What is Your PE Plan?

I pose this question to all firm owners, not only because I am full of fresh insights after attending the recent PE Summit, but also because a new reality has set into the accounting profession, and, like any change, it’s better to be prepared than to feel like it’s happening to you.

Right now, the majority of accounting firms are comparatively “small” and not likely on the radar for PE investors. This still doesn’t mean you should not have a plan for your future because in order to sustain, you will grow in numerous ways, whether it’s adding technology, staff, new services, digging into a niche, etc. All told, it’s survival and what all businesses do to deal with changing business dynamics.

One of the most pressing considerations for PE investment, from an owner’s or partner’s perspective, is when you do not have a clear plan for your firm’s future. Compound this with the fact that you have indeed grown in the aforementioned ways and have even entered the $1M-$5M realm or more. Where the firm goes from there, or even to sustain those levels, requires proper business planning, you know, like what many of you do (or should be doing) with your own clients.

Problems happen when owners or partners are looking to retire or transition on to other ventures, and little to no planning has been done. PE money looks most attractive here, as well as when you actually do want to make investments for growth, be it in technology, staff, or even acquiring or merging in with another firm. This often requires capital and for a growing number of firms, when PE comes to your door, it’s hard to say no.

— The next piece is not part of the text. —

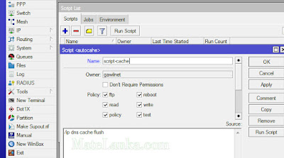 Begitulah cara mudah konfigurasi mikrotik, pasang script flush cache dns secara otomatis.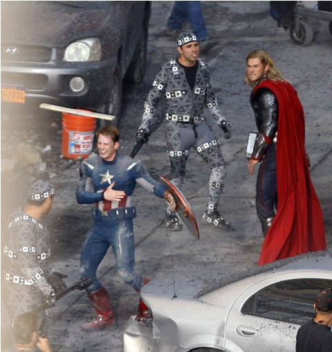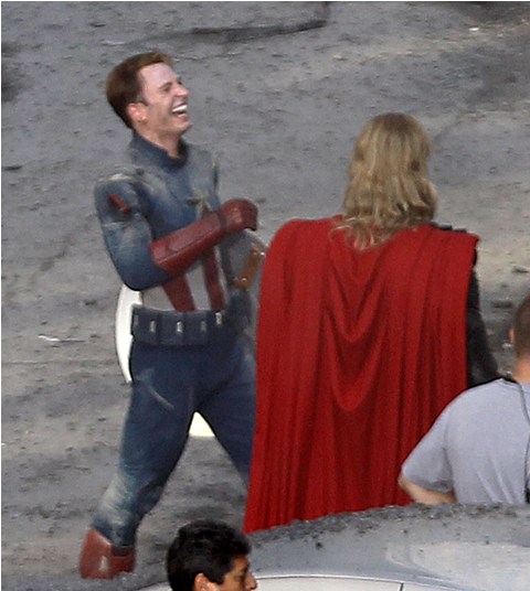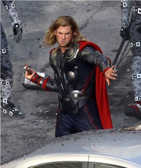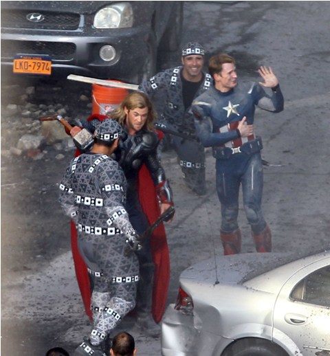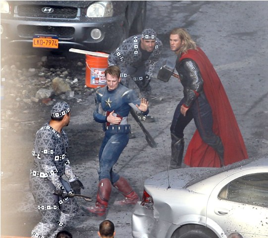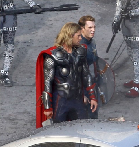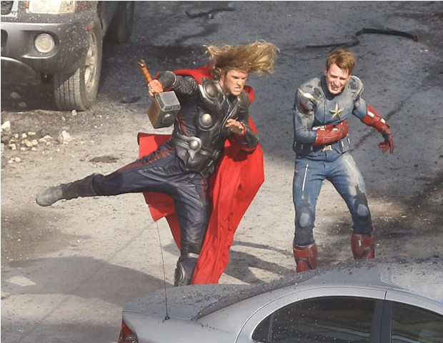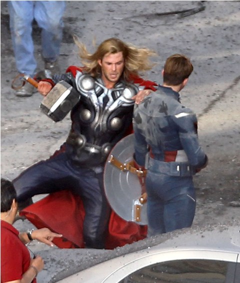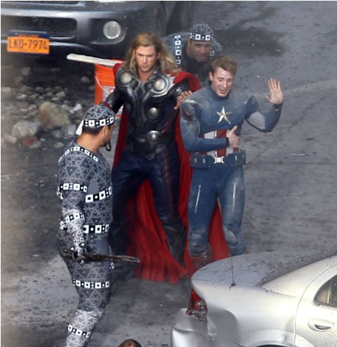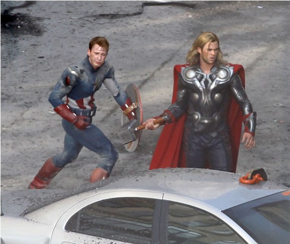 The Avengers is currently shooting in Cleveland. This is supposed to be 42nd Street in New York. And Captain America and Thor are fighting the bad guys. Check out Chris Evans and Chris Hemsworth in their costumes with their hammers and shields. Kinda dorky, right? It’s so dorky when it’s out of context. When you, the viewer, are not locked in a dark theatre and asked to suspend disbelief. When they’re out there in broad daylight fake punching and kicking. When there are no special effects, just two overgrown dudes pretending to be superheroes. Acting must be so f-cking weird.

In speaking to firm leaders at PE Summit who chose to “remain independent,” they were either able to structure their firm as an ESOP (employee stock ownership plan), seek out loans from online banks specializing in small businesses (i.e., Live Oak Bank, Axos, Bluevine), or diversify offerings to be more competitive. The event host (Accounting Today) also conducted some research on why firms recently sought out capital. The results were not all that surprising but telling, with technology investment leading the way by a wide margin, followed by firm acquisition, geographical expansion, and launching new services.

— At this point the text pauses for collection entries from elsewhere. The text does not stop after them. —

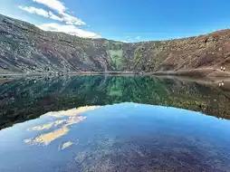 The calm water and colorful rock formations make it perfect for photos or a quiet moment to enjoy the scenery. Though the visit is short, Kerid Crater leaves a lasting impression as a simple yet stunning glimpse into Iceland’s volcanic heart.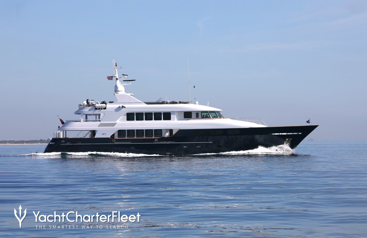 Built with a aluminium hull and aluminium superstructure, she benefits from a semi-displacement hull to provide exceptional seakeeping and impressive speeds. Powered by twin Caterpillar engines, she comfortably cruises at 15 knots, reaches a maximum speed of 19 knots with a range of up to 2,300 nautical miles from her 38,986 litre fuel tanks at 10 knots. An advanced stabilisation system on board reduces the side-to-side roll of the yacht and promises guests exceptional comfort levels at anchor or when underway.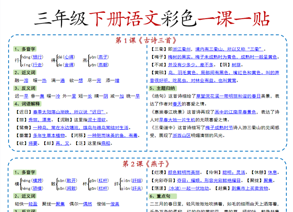 | ⏰限时免费领取!点击即存→新版三下语文彩色一课一贴(高清打印版)助孩子成绩稳步提升!错过再无! | |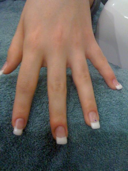 Je me lance à peine et après plusieurs essais sur moi même mes amies ont bien voulu me servit de cobaye !!! Merci les filles !!! La première est sur ongles naturels directement la deuxième et troisième avec capsules et la quatrième sans capsules avec chablons !! A mon avis un peu plus travailler le limage sur les coins et la french pas assez haute etc etc ! Toute critique est la bienvenue ...... Merci d' avance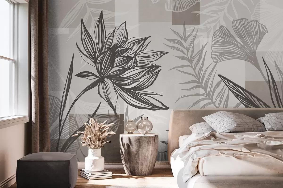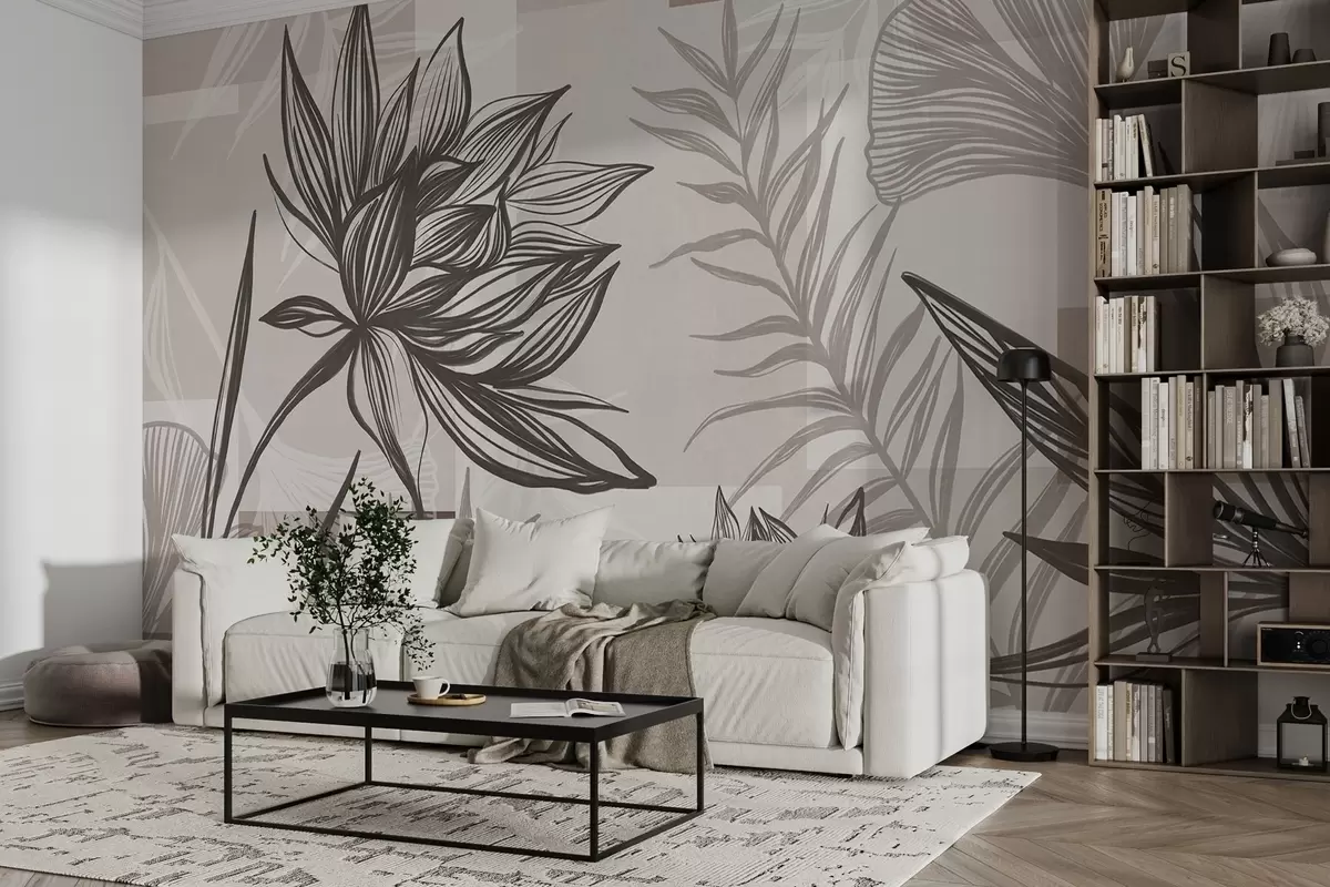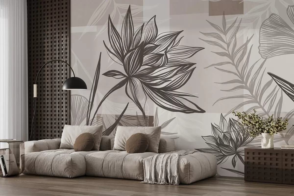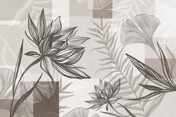 Valokuvatapetti Teksturoidut tyylitellyt kukat ja lehdet ruskean ja beigen sävyissä, geometrisella taustalla, viivapiirros Nr w09629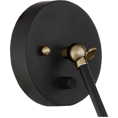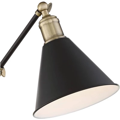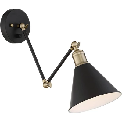 Handsome and functional, this beautiful wall lamp set features down shades that direct light down. Combining a black finish with antique brass details. A dimmer switch on the backplate controls the light intensity.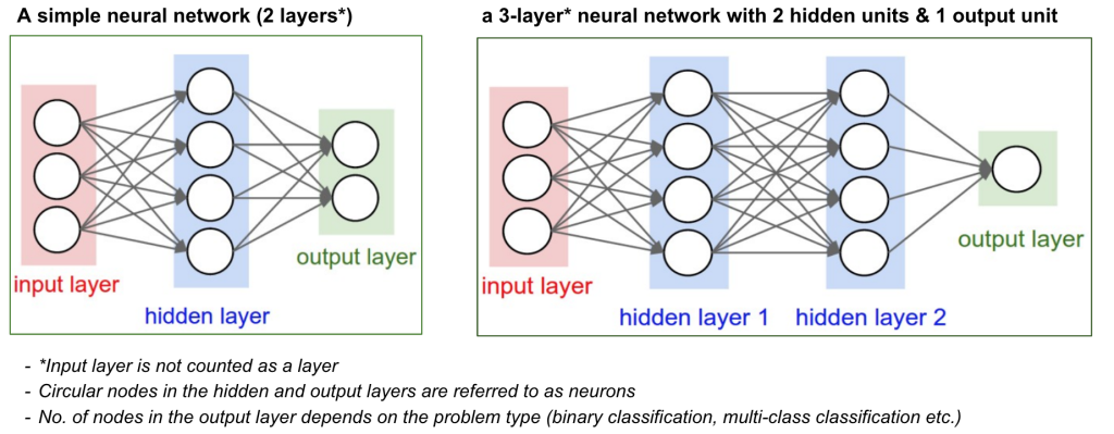 • Hidden layers are intermediate layers between the input and output layers. They perform computations on the input data through weighted connections between neurons and transformed using an activation function. The hidden layers, in essence, are responsible for extracting features and patterns from the data.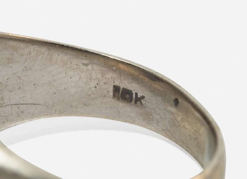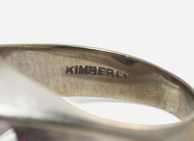 Sapphire Ring: Significant scratches and wear, stamped “KIMBERLY 10K”, set with a round-cut color-change synthetic purple and blue sapphire measuring approximately 12.34mm, with some abrasions and nicks at facet junctions.

Now, I may not have ever run a firm; I’m not in on the everyday decisions firm leaders need to make to keep things steady and perhaps even grow past the next 18-24 months. But both at and outside of the recent PE Summit, I do speak with these leaders and have also known the behavior of private equity since well before my time overseeing the accounting profession.

They are here to diversify their portfolios, and professional services represent an investment in a renewable resource, of sorts. Accounting is a necessity for businesses of all sizes, and they are paying more for those who offer essential services from compliance to planning and advice and everything in between. In short, overall accounting makes money, and PE likes that and wants to be a part of that growth.

Most importantly, and the whole point of this missive, is whether their money is for you or not, you need to know what you want your firm’s future to look like. This isn’t new; plenty of experts in the space have been preaching this level of control for years. And, make no mistake, having a plan for your firm’s succession or eventual future IS control. It is high time you and your partners take it before that future is decided for you.